What is required
Would you return the lines between the one holding "男性向けラノベタイトル風あだ名 | 『かこりんの憂鬱』 |" and the one holding "Przyjrzyj się bliżej", inclusive, and only those, exactly as they stand in the listing below?

Dataset excerpts
•••
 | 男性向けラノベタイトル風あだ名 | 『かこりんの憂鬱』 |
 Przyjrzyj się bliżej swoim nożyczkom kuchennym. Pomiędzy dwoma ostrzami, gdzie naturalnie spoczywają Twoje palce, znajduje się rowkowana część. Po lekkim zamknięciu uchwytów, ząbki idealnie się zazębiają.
•••
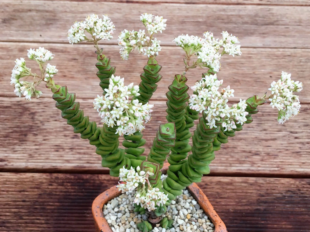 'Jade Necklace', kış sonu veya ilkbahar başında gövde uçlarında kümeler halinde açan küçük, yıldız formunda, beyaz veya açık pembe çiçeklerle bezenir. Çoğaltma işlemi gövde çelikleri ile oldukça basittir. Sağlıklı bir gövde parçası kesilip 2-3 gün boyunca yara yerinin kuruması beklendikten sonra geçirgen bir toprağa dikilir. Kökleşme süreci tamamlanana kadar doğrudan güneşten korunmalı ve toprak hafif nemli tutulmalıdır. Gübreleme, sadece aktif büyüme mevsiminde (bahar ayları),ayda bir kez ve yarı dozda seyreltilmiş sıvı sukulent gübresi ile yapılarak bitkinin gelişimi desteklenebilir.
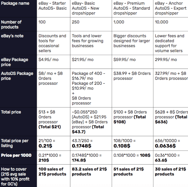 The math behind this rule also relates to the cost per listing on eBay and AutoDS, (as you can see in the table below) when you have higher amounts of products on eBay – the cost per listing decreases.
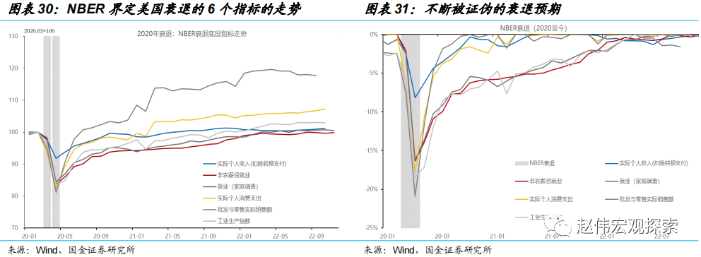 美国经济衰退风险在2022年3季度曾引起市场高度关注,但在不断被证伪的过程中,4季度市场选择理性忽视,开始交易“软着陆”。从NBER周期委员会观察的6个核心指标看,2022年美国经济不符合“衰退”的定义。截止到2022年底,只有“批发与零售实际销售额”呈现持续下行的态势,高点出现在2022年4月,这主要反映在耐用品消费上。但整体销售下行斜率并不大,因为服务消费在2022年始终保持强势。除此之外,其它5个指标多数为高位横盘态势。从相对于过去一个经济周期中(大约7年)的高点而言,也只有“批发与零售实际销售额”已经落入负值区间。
•••
Solution to this task
 | 男性向けラノベタイトル風あだ名 | 『かこりんの憂鬱』 |
 Przyjrzyj się bliżej swoim nożyczkom kuchennym. Pomiędzy dwoma ostrzami, gdzie naturalnie spoczywają Twoje palce, znajduje się rowkowana część. Po lekkim zamknięciu uchwytów, ząbki idealnie się zazębiają.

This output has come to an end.